* _EXERCISE_:
Take the material below and extract the lines from the one with "Pameran yang berlangsung" through the one with "Grey/ Neutral Rainbow", word for word, without pictures.

* _THE RECORDS_:
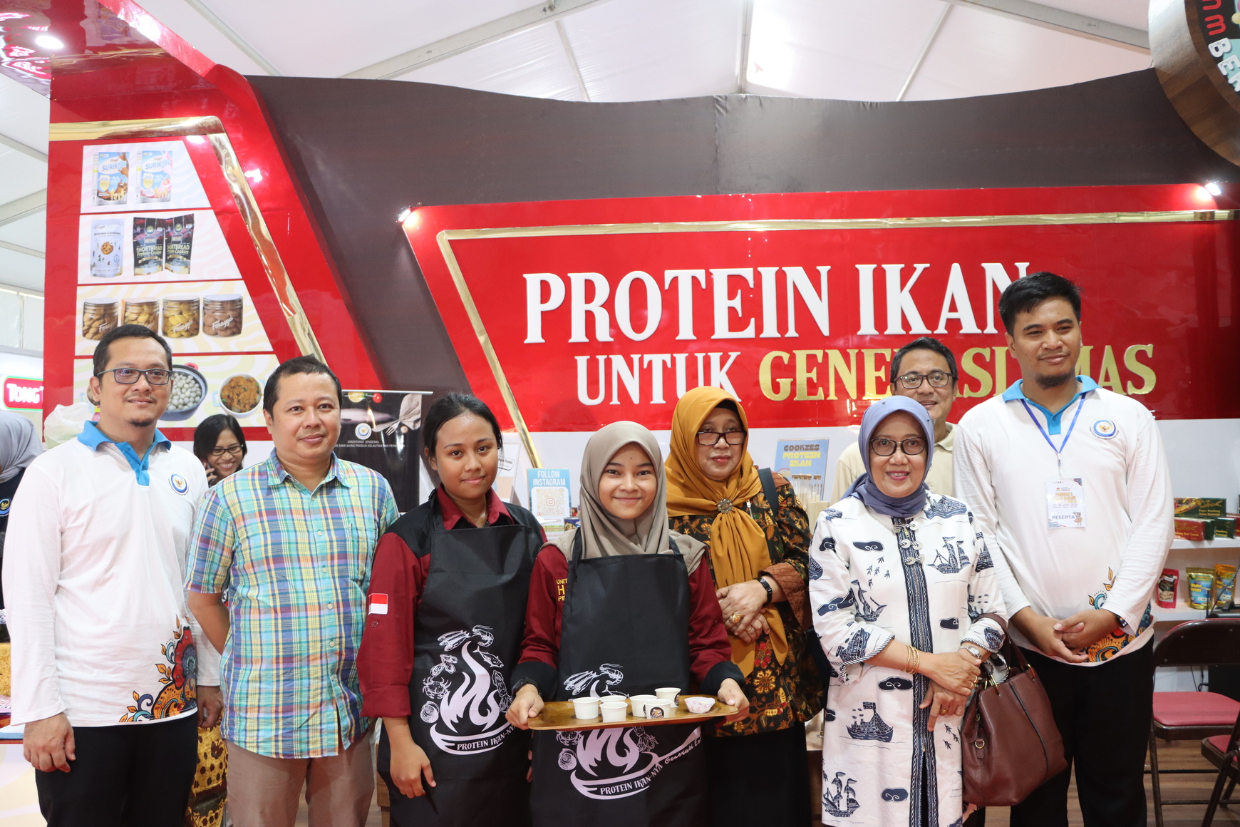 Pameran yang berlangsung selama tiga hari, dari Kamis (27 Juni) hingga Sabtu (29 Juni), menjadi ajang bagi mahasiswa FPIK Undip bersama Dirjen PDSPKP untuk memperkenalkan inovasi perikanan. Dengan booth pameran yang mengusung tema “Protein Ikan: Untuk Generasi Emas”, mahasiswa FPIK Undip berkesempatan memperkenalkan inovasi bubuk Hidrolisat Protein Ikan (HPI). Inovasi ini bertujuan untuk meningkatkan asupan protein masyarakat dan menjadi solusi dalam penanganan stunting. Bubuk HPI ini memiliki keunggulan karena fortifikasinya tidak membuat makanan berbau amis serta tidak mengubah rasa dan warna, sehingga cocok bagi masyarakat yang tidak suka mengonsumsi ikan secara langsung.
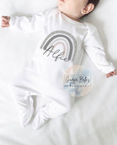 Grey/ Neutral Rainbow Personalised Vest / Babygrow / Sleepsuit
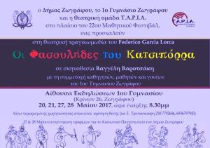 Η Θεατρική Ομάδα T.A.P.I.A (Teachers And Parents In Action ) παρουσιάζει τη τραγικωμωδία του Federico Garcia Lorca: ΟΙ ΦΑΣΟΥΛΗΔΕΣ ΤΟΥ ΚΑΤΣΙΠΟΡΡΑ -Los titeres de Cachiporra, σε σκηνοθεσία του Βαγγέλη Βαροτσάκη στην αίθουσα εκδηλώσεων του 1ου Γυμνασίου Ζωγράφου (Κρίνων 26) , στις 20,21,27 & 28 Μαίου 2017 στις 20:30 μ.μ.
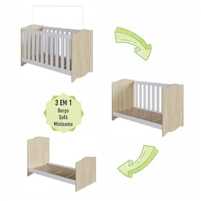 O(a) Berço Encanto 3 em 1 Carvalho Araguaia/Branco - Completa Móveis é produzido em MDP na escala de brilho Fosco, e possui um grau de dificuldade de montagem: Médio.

--

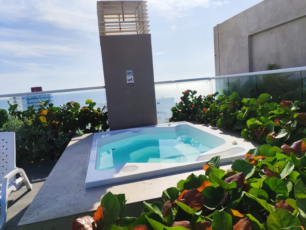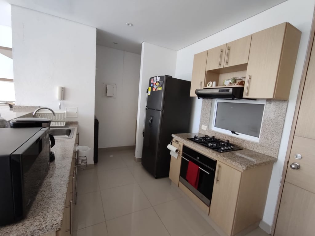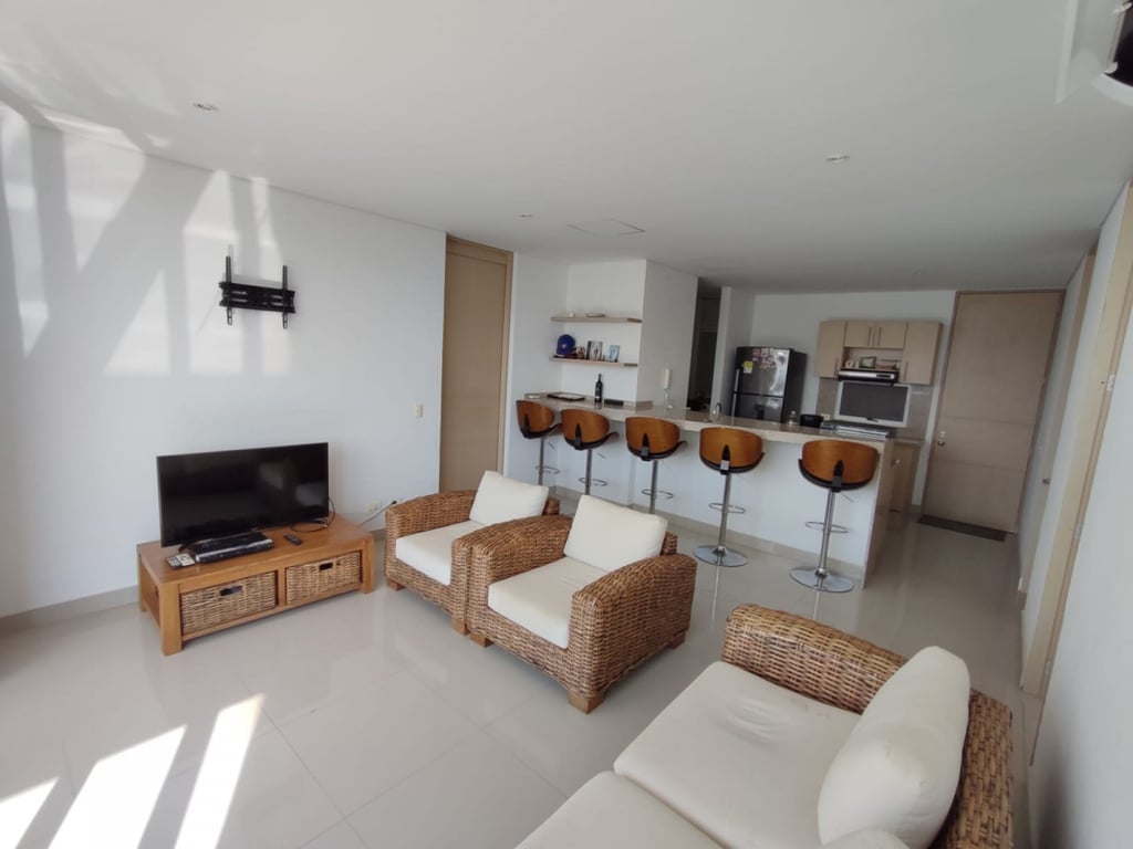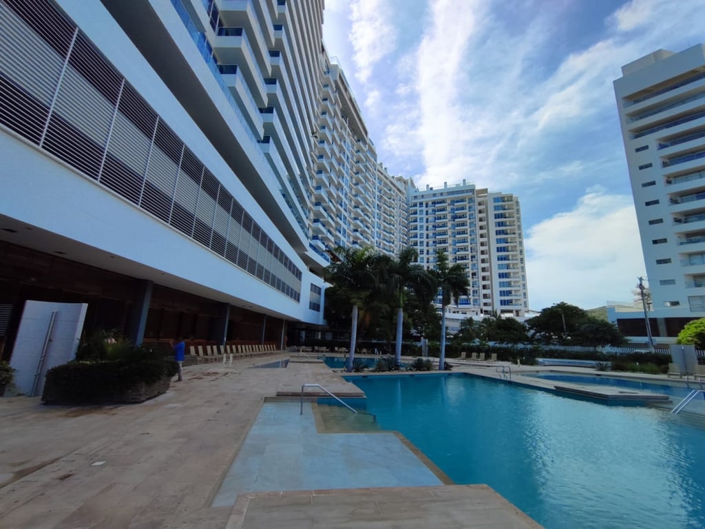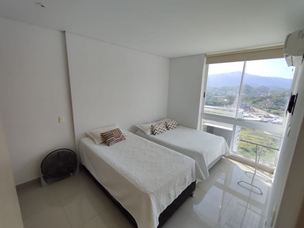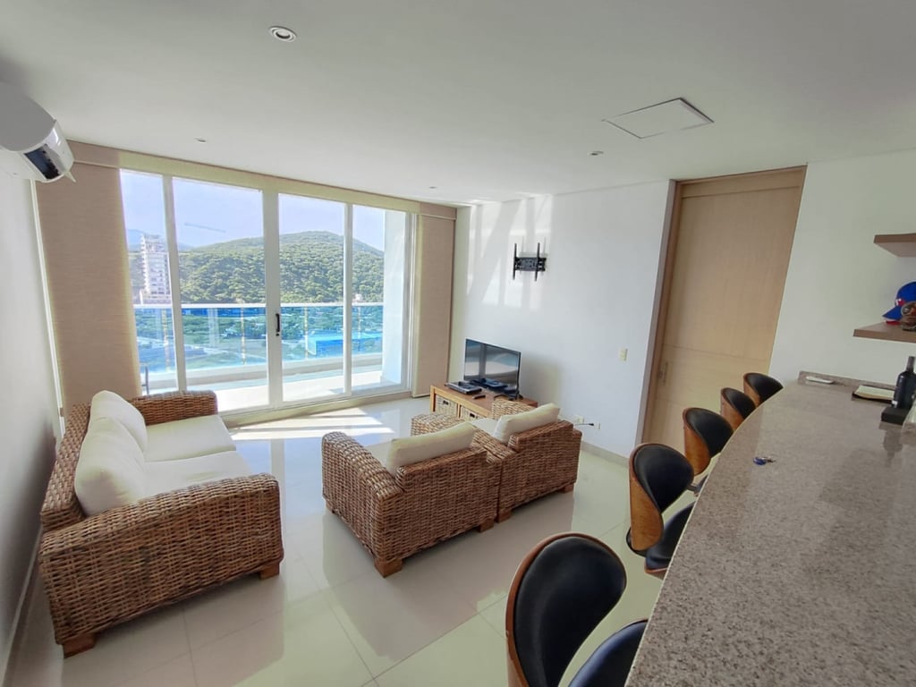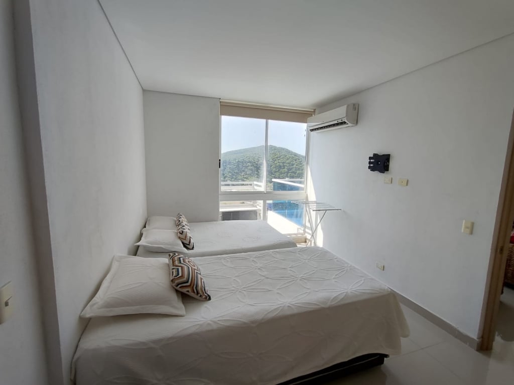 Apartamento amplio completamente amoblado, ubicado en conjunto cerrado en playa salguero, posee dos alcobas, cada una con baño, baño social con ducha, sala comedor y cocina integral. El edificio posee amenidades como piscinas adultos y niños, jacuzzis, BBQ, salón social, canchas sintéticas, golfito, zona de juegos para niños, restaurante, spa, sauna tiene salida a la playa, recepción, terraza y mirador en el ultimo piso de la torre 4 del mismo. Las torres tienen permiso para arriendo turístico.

* _OUTPUT_:
 Pameran yang berlangsung selama tiga hari, dari Kamis (27 Juni) hingga Sabtu (29 Juni), menjadi ajang bagi mahasiswa FPIK Undip bersama Dirjen PDSPKP untuk memperkenalkan inovasi perikanan. Dengan booth pameran yang mengusung tema “Protein Ikan: Untuk Generasi Emas”, mahasiswa FPIK Undip berkesempatan memperkenalkan inovasi bubuk Hidrolisat Protein Ikan (HPI). Inovasi ini bertujuan untuk meningkatkan asupan protein masyarakat dan menjadi solusi dalam penanganan stunting. Bubuk HPI ini memiliki keunggulan karena fortifikasinya tidak membuat makanan berbau amis serta tidak mengubah rasa dan warna, sehingga cocok bagi masyarakat yang tidak suka mengonsumsi ikan secara langsung.
 Grey/ Neutral Rainbow Personalised Vest / Babygrow / Sleepsuit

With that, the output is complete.